» **Description of the task**: From the material below, return exactly the lines starting at the one that holds "その後の旅館では、「温泉に入" and ending at the one that holds "Vintage 40s Deep". Pictures stay out of the answer.

» **Dataset excerpts**:

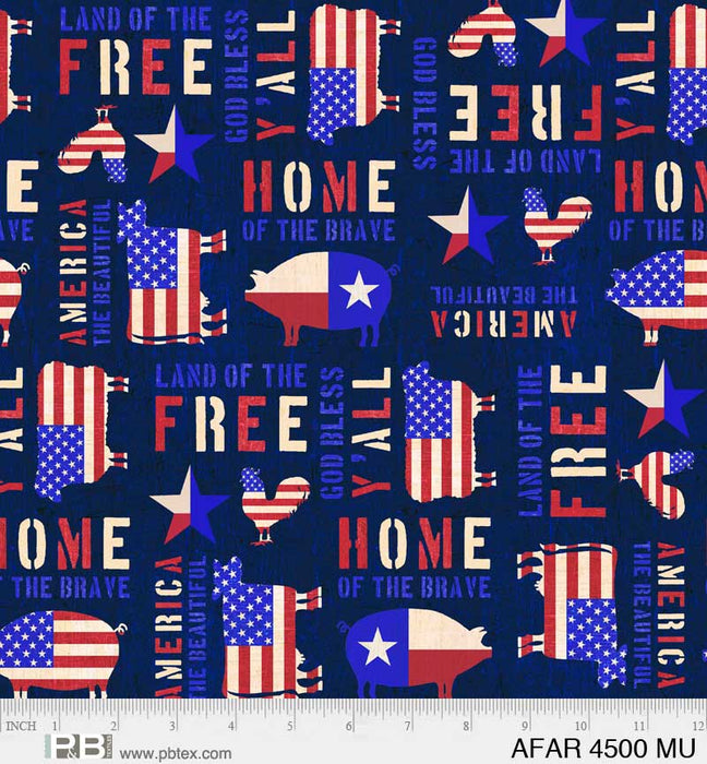 American Farm - Block PANEL - Per Panel - by Michael Mullan for P&B Textiles - Sayings, Signs, Flag - 24" X 43" panel- AFAR 4499 PA
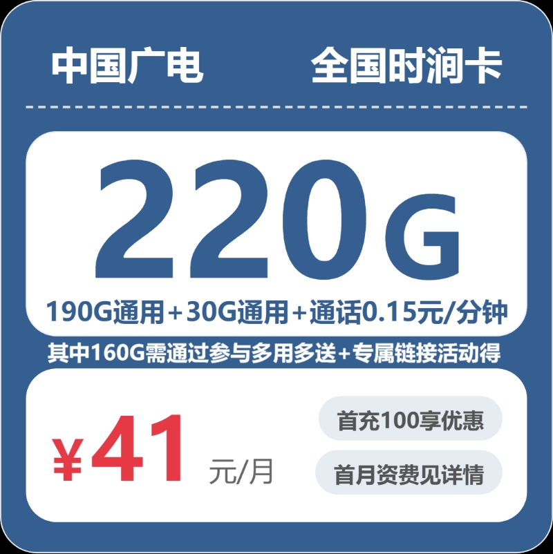 全国石涧卡41元包220G+0.15元/分钟
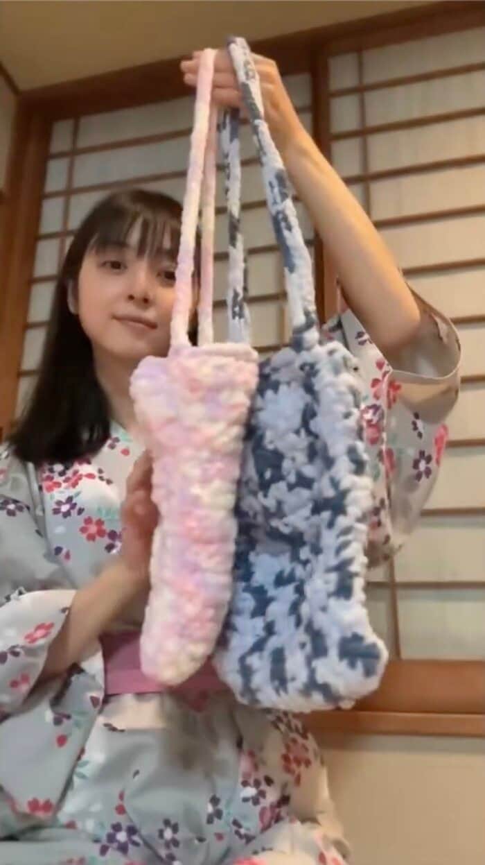 その後の旅館では、「温泉に入ったり、少し編み物が出来て、リフレッシュ皆んなで浴衣も着た」と、旅先でも、ハマっているという編み物をしたといい、浴衣姿で完成したピンクのバッグと青色のバッグを披露する姿を見せました。
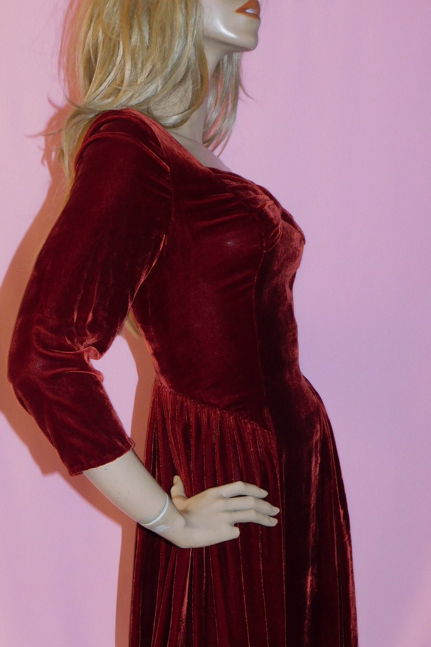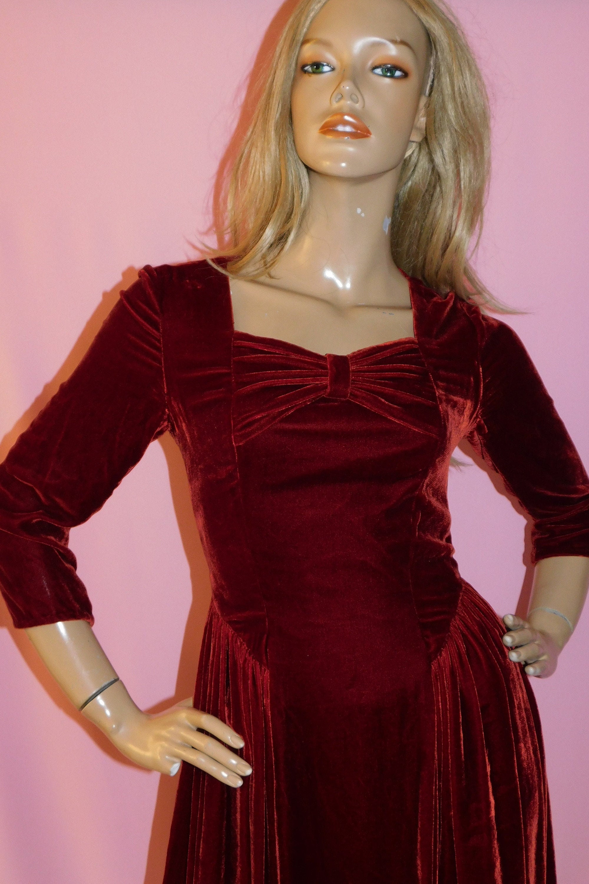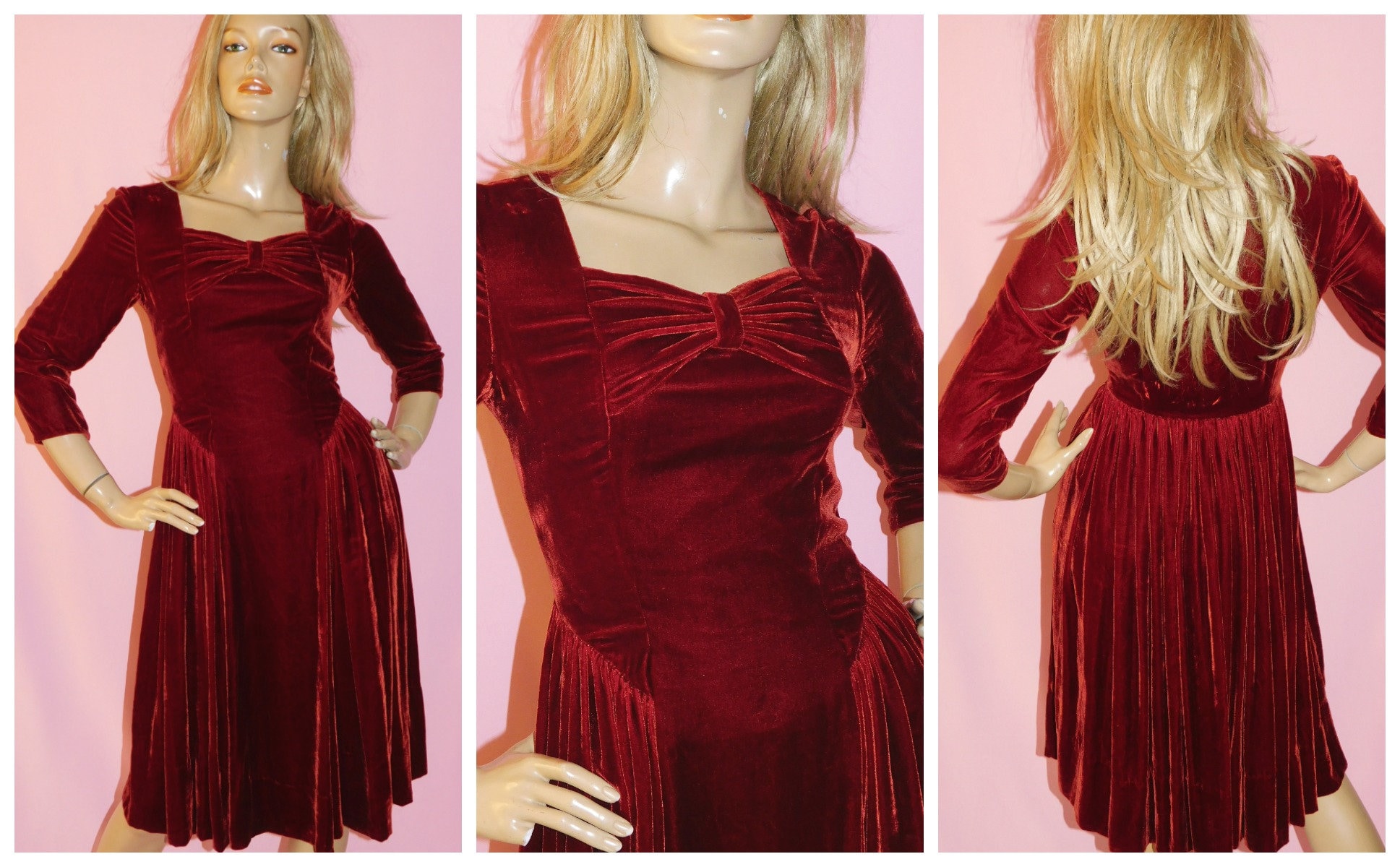 Vintage 40s Deep Rust Red VELVET BOW Cocktail Evening Party Dress 10 S 1940s
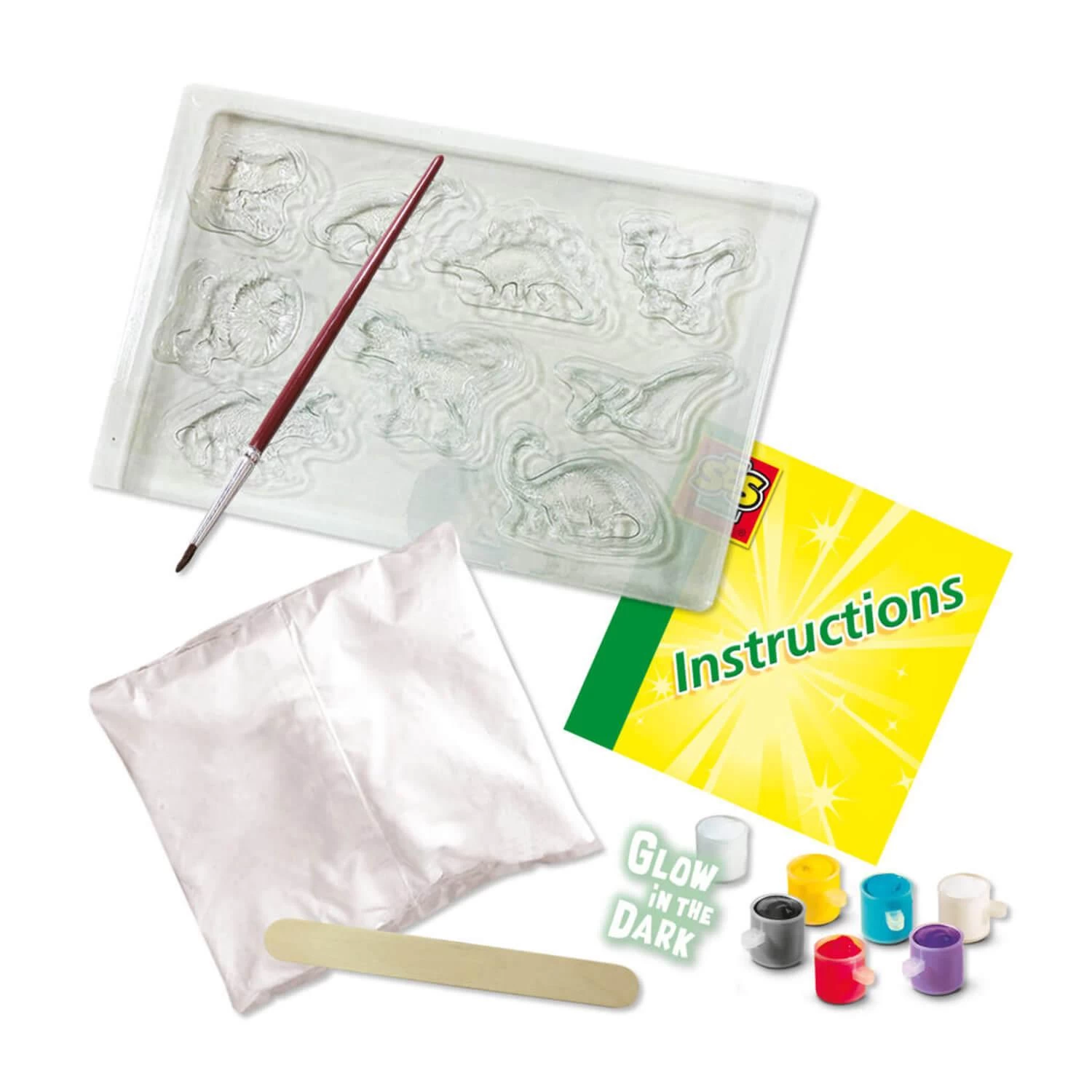 Les kits de moulage et de peinture de SES Creative garantissent une journée de travaux manuels amusants et créatifs. Ce kit permet de créer des dinosaures colorés qui brillent dans le noir.
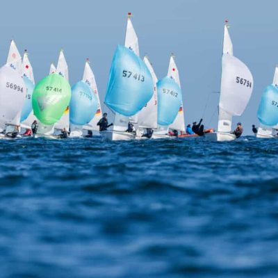Einsegeln. Das heißt man musste um 9 Uhr rausfahren. Aber es waren noch zwei weitere Stunden Startverschiebung. Auf dem Wasser sind wir nach den geplanten drei Rennen reingefahren.
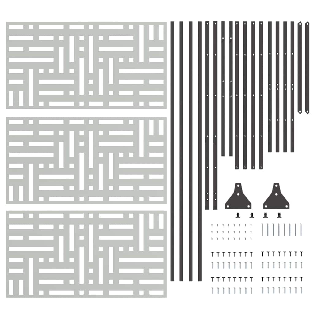 Ez a Kerti Zárófal egy menő és praktikus kiegészítője bármilyen kültéri helynek. Modern dizájnja letisztult vonalairól és egyszerűségéről ismert, ezért szuperül passzol a kortárs kertekhez és teraszokhoz. A fal megvédi a magánéletedet, miközben feldobja az összhatást a szabadban. Az acél konstrukciója tartós és modern megjelenésű, így bármilyen kültéri környezetbe illik.
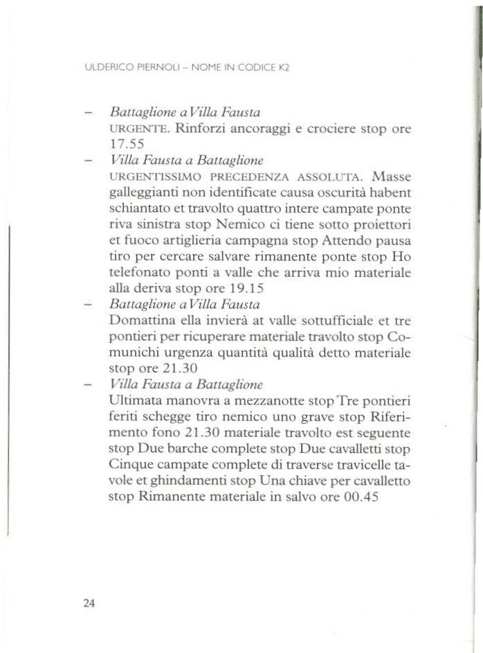 LRG ENTISSlMO PRECEDE:,JZA ASSOl.l;1A. Masse gaUeggianti non identificare causa oscurità habent schiantato et travolto quattro intere campate ponce riva sinistra stop Nemico ci tiene sotto proiettori et fuoco artiglieria campagna stop Attendo pausa tiro per cercare sa l vare rimanente ponte stop Ho telefonato ponti a valle che arriva mio materiale aUa deriva stop ore 19 .15
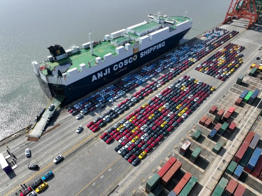 福州港江陰港區,上千輛外貿汽車等待裝船。(張政榮 攝)
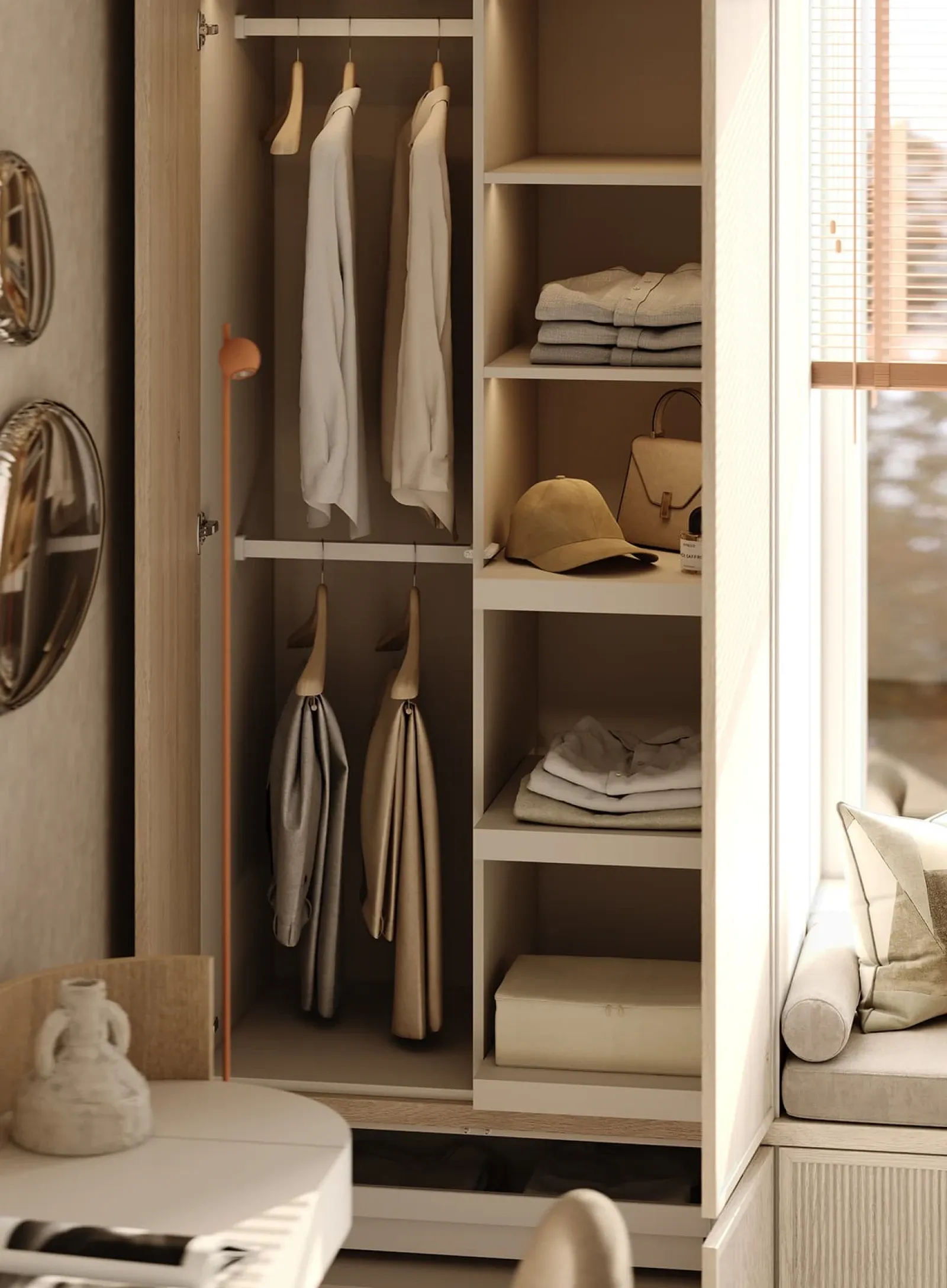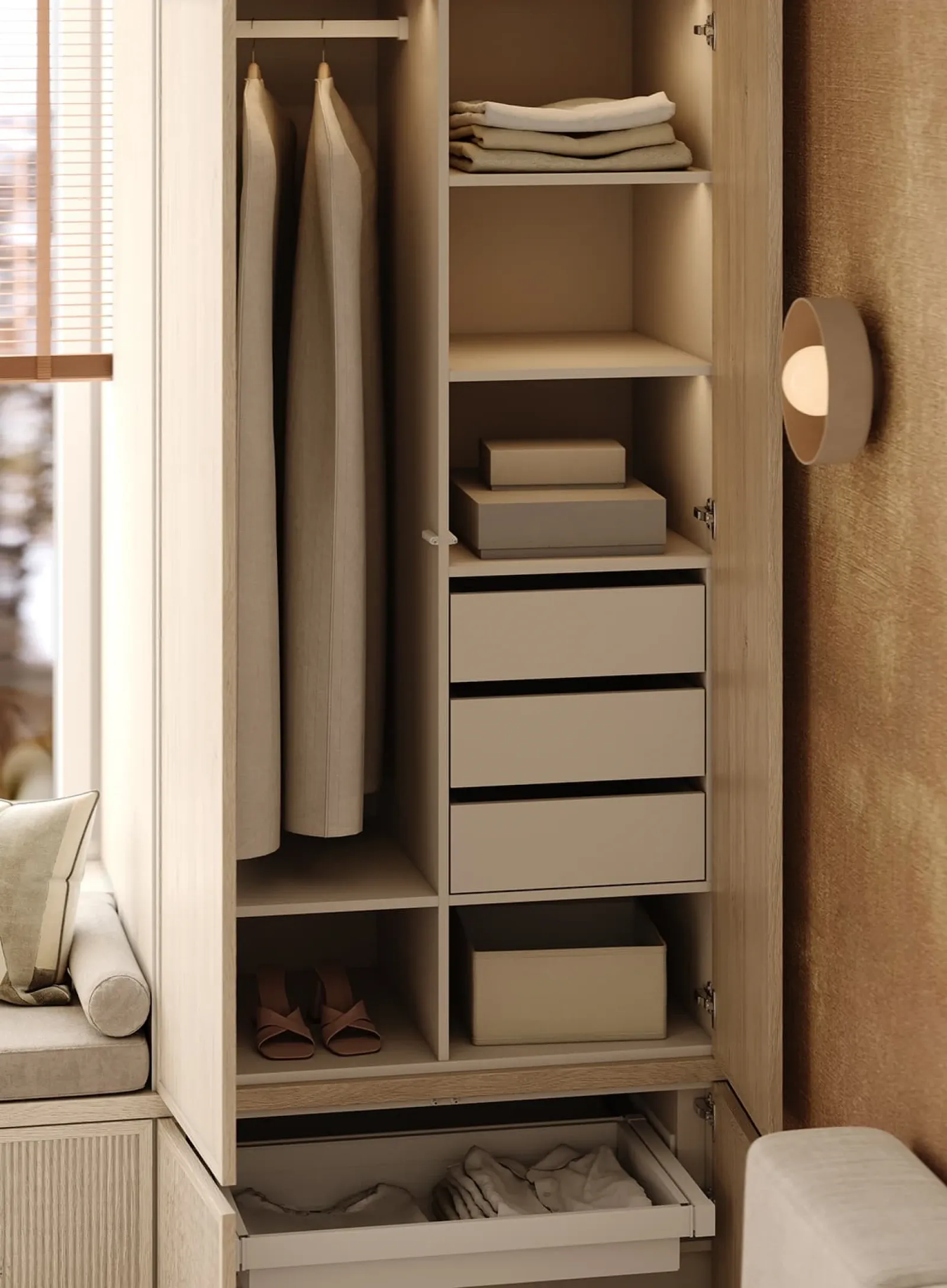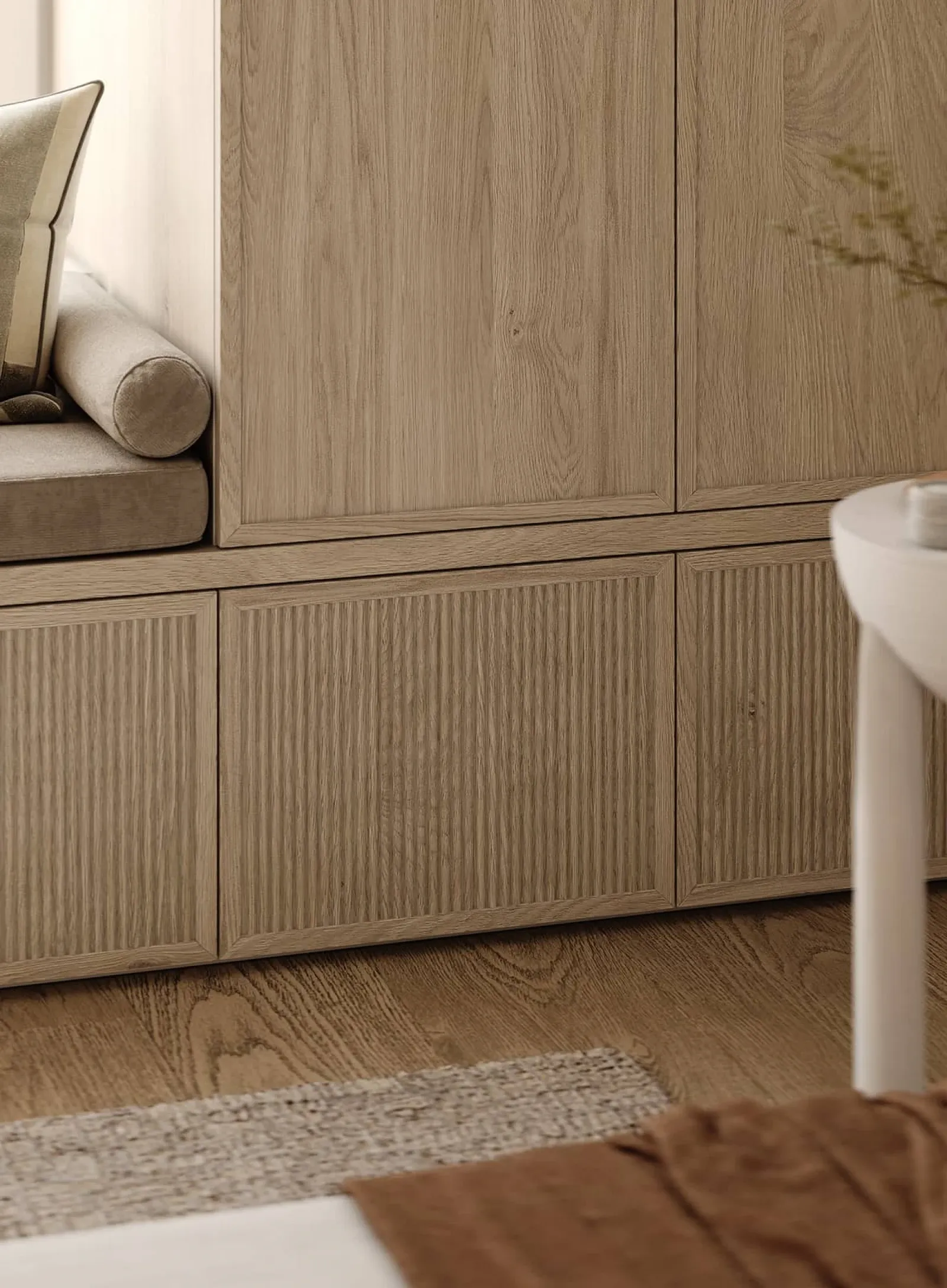 КАРКАС, ПОЛКИ, ВНУТРЕННИЕ ВЫДВИЖНЫЕ ЯЩИКИ, ЗАДНЯЯ СТЕНКА ЛДСП, цвет Белый Премиум / Белый ФАСАДЫ Т441, Т431В Массив дуба / шпон дуба, цвет #189 (воскобейц Белый)

» **Your solution**:
 その後の旅館では、「温泉に入ったり、少し編み物が出来て、リフレッシュ皆んなで浴衣も着た」と、旅先でも、ハマっているという編み物をしたといい、浴衣姿で完成したピンクのバッグと青色のバッグを披露する姿を見せました。
 Vintage 40s Deep Rust Red VELVET BOW Cocktail Evening Party Dress 10 S 1940s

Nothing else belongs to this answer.